– Я бы хотела, – яростно сказала я, все еще слыша его смех и отбросив последнее благоразумие, – я бы хотела, чтобы мне было тридцать шесть лет и я носила черное атласное платье и жемчужное ожерелье.
– В таком случае вы не сидели бы со мной в этой машине, – сказал он. – И оставьте, пожалуйста, в покое ногти, они и так обкусаны до мяса.
– Вы, возможно, сочтете меня дерзкой и грубой, – продолжала я, – но мне бы хотелось понять, почему вы зовете меня кататься день за днем. Вы очень добры, это сразу видно, но почему вы избрали именно меня объектом своего милосердия?
Я сидела неестественно прямо, словно застыв на месте, жалко пыжась, как это бывает лишь в юности.
– Я приглашаю вас, – сказал он серьезно, – потому что вы не носите черного атласного платья и жемчужного ожерелья и вам нет тридцати шести лет.
Лицо его было непроницаемо, я не знала, смеется он про себя или нет.
– Все это прекрасно, – сказала я, – вам известно обо мне все, что может быть известно.

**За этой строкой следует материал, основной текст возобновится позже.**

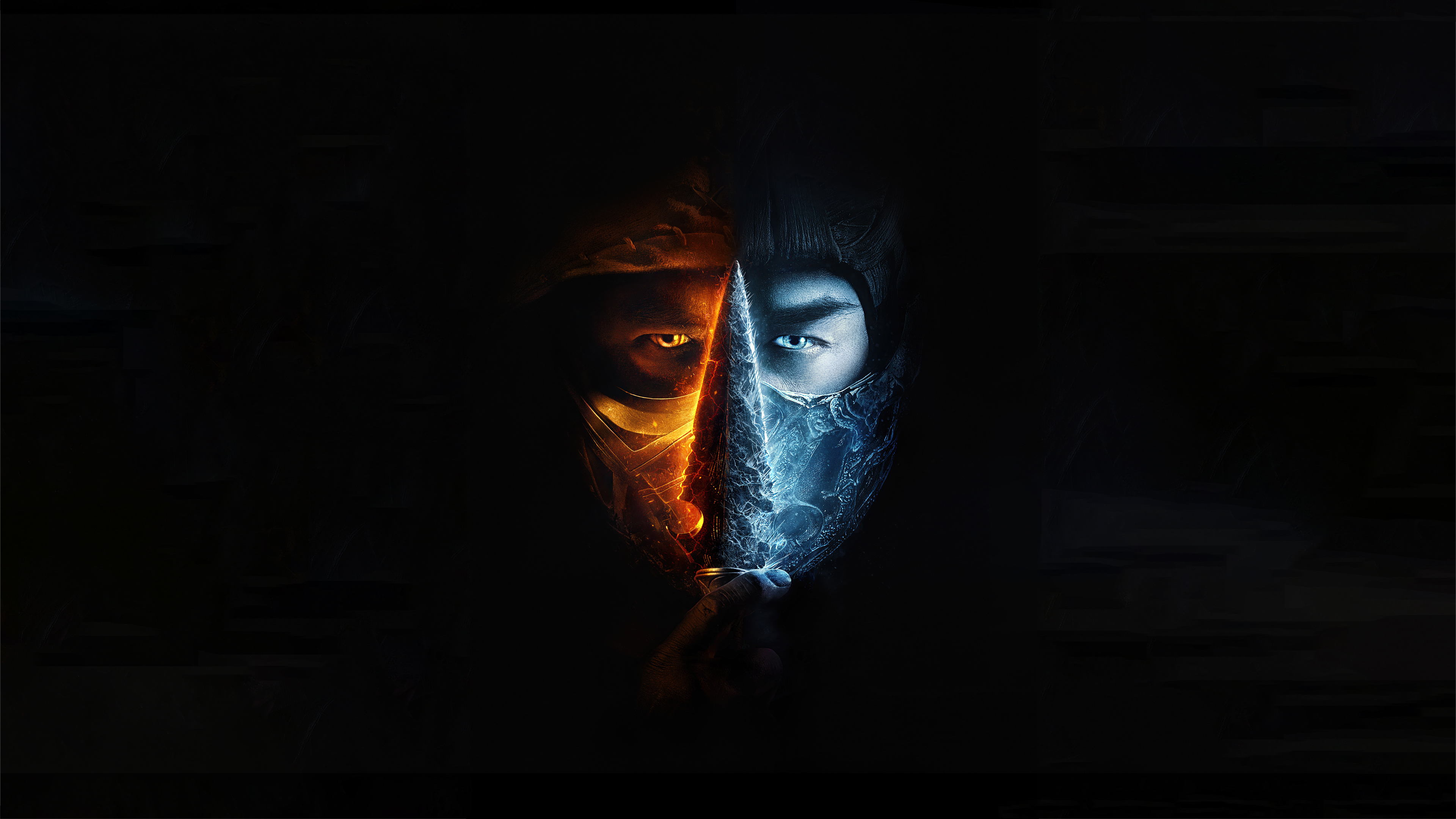 Description: A person with a mask on and a light behind them in the dark with a fire behind them and a person with a knife in the dark.

Это не очень много, не спорю, потому что я не так долго живу на свете, и в моей жизни не было особых событий, только две смерти, но о вас… о вас я знаю сейчас не больше, чем знала в тот первый день, когда мы встретились.
– И что вы знали тогда? – спросил он.
– Ну, что вы живете в Мэндерли и… и что у вас умерла жена.
Ну вот, наконец я его произнесла, это слово, которое уже столько дней вертелось у меня на языке. «Жена». Оно выговорилось так легко, без всякого затруднения, словно ничего не могло быть естественнее, чем упомянуть о ней. «Жена». Слово задержалось, повисло в воздухе, заплясало передо мной, не успела я его произнести, и, так как он ничего не сказал, никак на него не отозвался, оно разрослось до чудовищных, отвратительных размеров, запретное слово, противоестественное на моих губах. И я не могу забрать его обратно, оно уже произнесено. Я опять увидела надпись на титульном листе книжечки стихов и это необычное косое «Р». Мне стало холодно и гадко на душе. Он меня не простит, нашей дружбе конец.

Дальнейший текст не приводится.